Disclaimer: In no way am I implying that Java, C, C++ are going away. These are my thoughts on the programming languages which will make a bigger impact this decade.

If you need any evidence as to why the old guard is not going away anytime soon then you don’t need to look beyond this.

Federal Agencies IT Report 2016

Department of Defense still uses an IBM Series 1 and 8-inch floppy disks in 2016. For the fiscal year 2017, the budget for IT was $89 billion, and much of it was to maintain the legacy systems in use. Is it not wild that there’s still a company in 2017 making money by manufacturing floppy disks?! Full report here

According to this report, 64% of Java developers are still on JDK 8. What’s the current version of Java you ask? Java 13, with Java 14 coming out in March 2020. Python 2 was recently deprecated and Python 3 is the de-facto language for parseltongues. Languages that have been around for a while continue to reinvent themselves. But that doesn’t mean that new languages can’t make a dent in their market share.

Photo by Mark Leishman on Unsplash with some creativity from me 🤓

Programming languages like Java, C, C++ were the first ones to define new programming paradigms. That also means that they carry a lot of baggage because of backward compatibility. The languages which are emerging or have emerged over the last decade were designed because the old ones were lacking in readability, memory management, concurrency, fast execution. The second wave of languages like Python, JavaScript, Ruby tried to address those issues and there was a movement towards dynamic typing but the compile safety of static typing is making its way back as it should.

The modern languages as they are called are statically typed while being fast and offer loads of other improvements like in-built concurrency model, null safety, better memory management, etc. There are a ton of programming languages out there, but in my opinion, these three will lead the way for the next generation of software writing.

Kotlin

Kotlin from kotlinlang.org

Named after the Kotlin island near St. Petersburg, this open-source programming language created by JetBrains (the company behind IntelliJ IDEA and a host of other cool IDEs) continues to grow in popularity as a Java alternative. The first stable release came out in February 2016 and in such a short span, it has already become the #2 language on the JVM after Java.

The reasons I think it will make a big impact are:

* 100% interoperable with Java. Works with all Java libraries.

* Null safety is built into the language. None of those pesky NullPointerExceptions

* Google has made it a preferred language on Android.
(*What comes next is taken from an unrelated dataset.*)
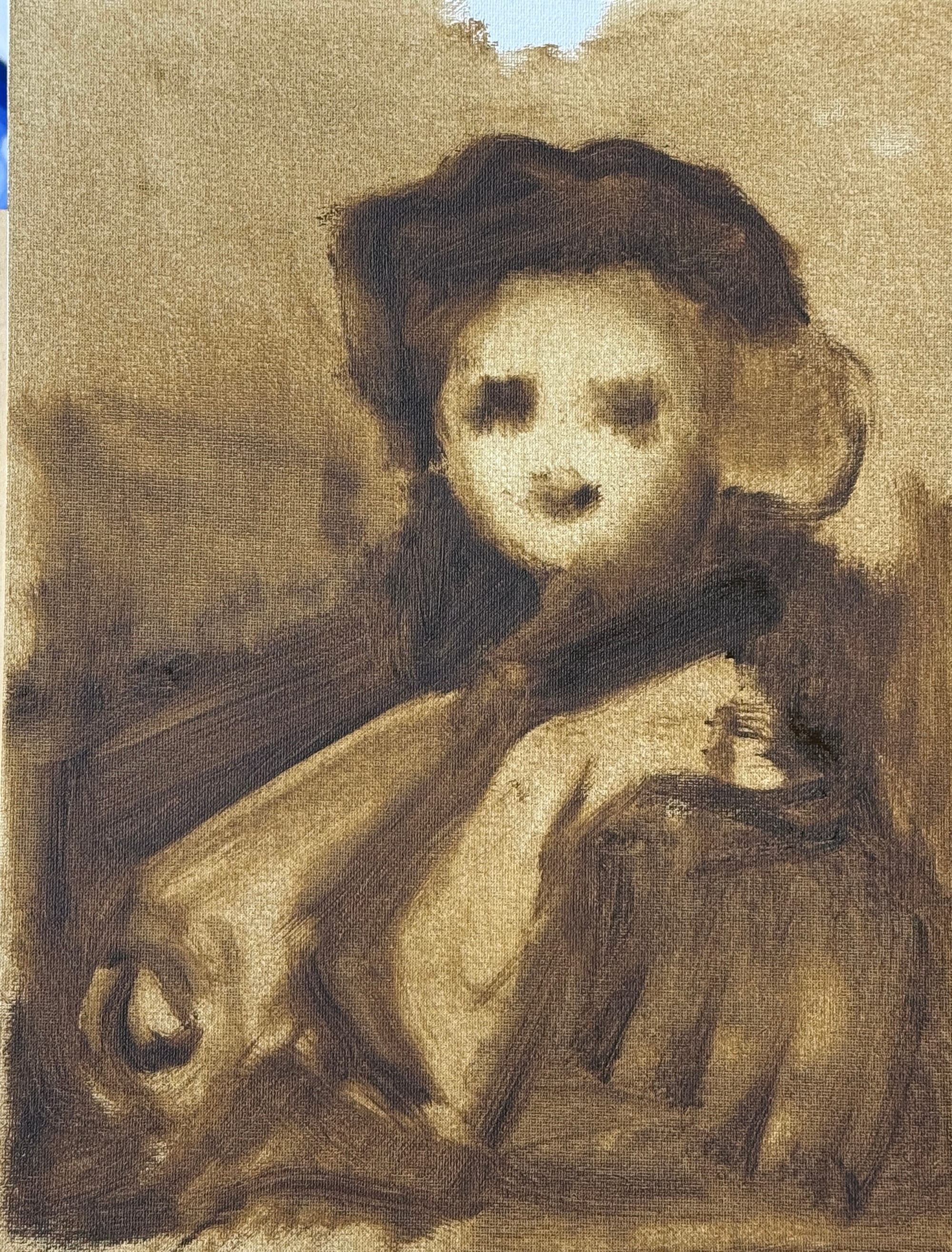 Today was my first day teaching Intro to Painting for the semester. The first project/exercise I always have students do is a Rembrandt self-portrait exercise, starting the first day in monochrome - just a single earth color brown so they get the hang of handling paint in it’s various stages of dilution without wrestling with a lot of colors. The second day is an introduction to a limited palette for the flesh tones, painted over top of the underpainting from the first day. By the end of day two, they have a passable rendition, and a working knowledge of one way to create a painting from start to finish. I did a demo for them, showing what to do, and then started another painted sketch while they worked on their Rembrandt underpaintings. Above is my second sketch. Below is my demo.

They are even going to be working on Kotlin APIs for Android framework

* It writes SO much better than Java. (Later versions of Java, Java 15 and onwards plan to introduce a lot of features which Kotlin has, but remember, Java is at version 15 and Kotlin is at 1.3.60, just saying)

* Coroutines brings a concurrency model, and for greenfield projects, Kotlin is the preferred language.

* Support for native code via LLVM, multiplatform, and even Kotlin for JavaScript! It’s not just a language, but an ecosystem!! 🧡

Kotlin Census 2019

Kotlinlang.org

Golang or Go

Golang from vertica.com

I’ll be honest, the reason I became interested in Go initially was because of the cute mascot. I mean, it’s such a goofy looking gopher!

The first version was announced in March 2012 by Google, where it was created by Ken Thompson, Rob Pike and Robert Griesemer. Why do I need to mention their names? Oh because these guys collectively are responsible for the Unix Operating System, UTF-8 standard and code generation for the V8 Javascript engine. No biggie.

The language, which is open source, has increased in popularity over the last few years because:

* Has a high runtime efficiency (like C++) with better readability

* High-performance networking and concurrency is built-in through coroutines and channels

* It has a remote package management system and really good documentation

* The compiler produces statically linked binaries without any external dependencies, so it can run anywhere.

* The language on purpose doesn’t support things like classes, implicit type conversion which simplifies the design and decreases the complexity of the language

Golang.org

Go.dev

Rust

Rust from rust-lang.org

I would love to learn Rust someday. It has been winning “the most loved programming language” in the Stack Overflow Developer Survey since 2016. It was created by Mozilla Research with the first stable release in May 2015. Since then it has jumped in rankings and is used to create from entire operating systems to anonymous networks.

StackOverflow Developer Survey

C was the first language I learned and this language is C on steroids. Some of the cool features are:

* Built for highly concurrent and highly safe systems

*Has a resource acquisition is initialization (RAII) memory management protocol, which leads to better memory management than most programming languages with a garbage collector.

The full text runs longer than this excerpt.